Collection entries
== Segment start ==
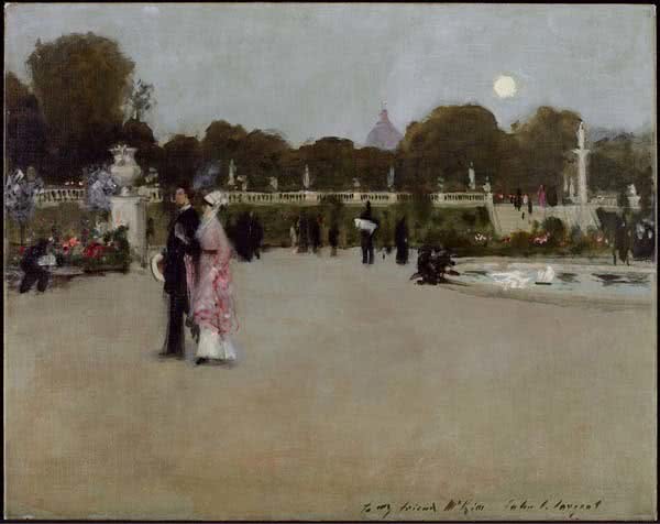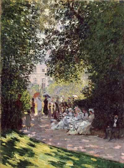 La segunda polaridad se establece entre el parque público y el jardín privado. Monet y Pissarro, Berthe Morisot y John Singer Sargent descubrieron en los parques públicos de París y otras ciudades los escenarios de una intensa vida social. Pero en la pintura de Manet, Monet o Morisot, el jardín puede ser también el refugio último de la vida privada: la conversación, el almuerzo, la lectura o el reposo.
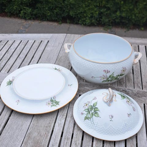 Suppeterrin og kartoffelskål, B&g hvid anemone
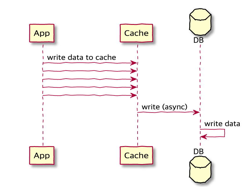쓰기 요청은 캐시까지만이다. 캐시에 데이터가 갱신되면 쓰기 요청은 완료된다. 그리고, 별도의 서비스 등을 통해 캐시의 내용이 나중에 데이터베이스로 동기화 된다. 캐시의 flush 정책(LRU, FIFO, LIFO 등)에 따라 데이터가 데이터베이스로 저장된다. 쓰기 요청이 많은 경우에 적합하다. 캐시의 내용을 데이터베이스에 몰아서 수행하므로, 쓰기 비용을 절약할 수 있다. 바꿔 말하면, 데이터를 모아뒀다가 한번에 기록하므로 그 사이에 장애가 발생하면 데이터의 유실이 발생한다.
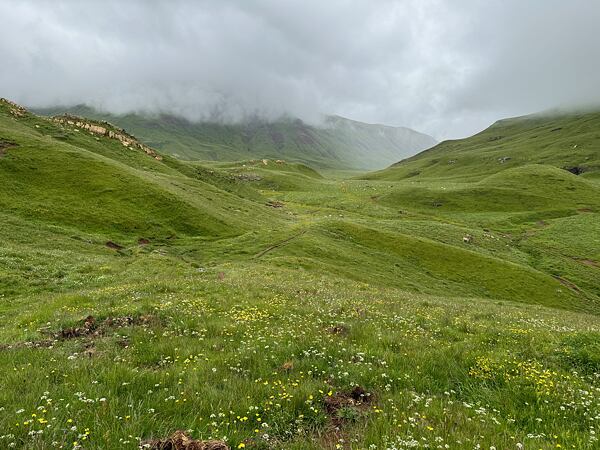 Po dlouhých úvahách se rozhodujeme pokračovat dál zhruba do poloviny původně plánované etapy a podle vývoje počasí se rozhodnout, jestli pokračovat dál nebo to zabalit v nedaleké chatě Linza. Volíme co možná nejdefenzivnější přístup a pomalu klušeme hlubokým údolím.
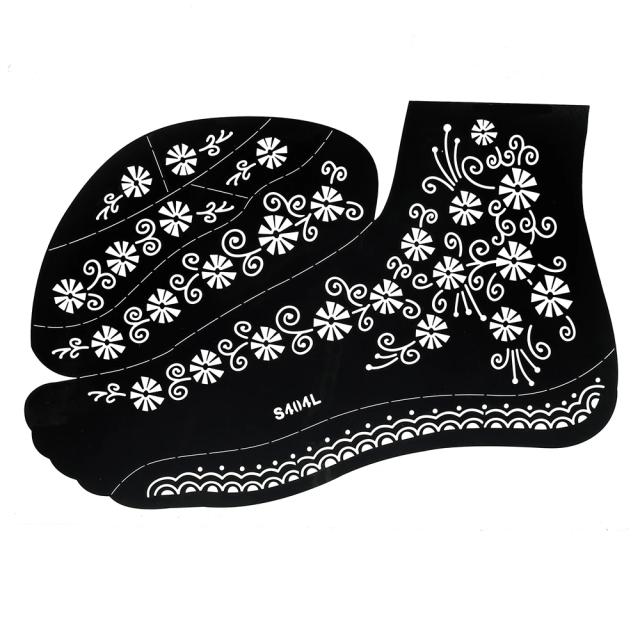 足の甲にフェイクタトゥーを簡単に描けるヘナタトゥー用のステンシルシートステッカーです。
== Segment end ==
Exercise directions - From the first line to the last, repeat the records exactly and skip the pictures.

Result -
 La segunda polaridad se establece entre el parque público y el jardín privado. Monet y Pissarro, Berthe Morisot y John Singer Sargent descubrieron en los parques públicos de París y otras ciudades los escenarios de una intensa vida social. Pero en la pintura de Manet, Monet o Morisot, el jardín puede ser también el refugio último de la vida privada: la conversación, el almuerzo, la lectura o el reposo.
 Suppeterrin og kartoffelskål, B&g hvid anemone
쓰기 요청은 캐시까지만이다. 캐시에 데이터가 갱신되면 쓰기 요청은 완료된다. 그리고, 별도의 서비스 등을 통해 캐시의 내용이 나중에 데이터베이스로 동기화 된다. 캐시의 flush 정책(LRU, FIFO, LIFO 등)에 따라 데이터가 데이터베이스로 저장된다. 쓰기 요청이 많은 경우에 적합하다. 캐시의 내용을 데이터베이스에 몰아서 수행하므로, 쓰기 비용을 절약할 수 있다. 바꿔 말하면, 데이터를 모아뒀다가 한번에 기록하므로 그 사이에 장애가 발생하면 데이터의 유실이 발생한다.
 Po dlouhých úvahách se rozhodujeme pokračovat dál zhruba do poloviny původně plánované etapy a podle vývoje počasí se rozhodnout, jestli pokračovat dál nebo to zabalit v nedaleké chatě Linza. Volíme co možná nejdefenzivnější přístup a pomalu klušeme hlubokým údolím.
 足の甲にフェイクタトゥーを簡単に描けるヘナタトゥー用のステンシルシートステッカーです。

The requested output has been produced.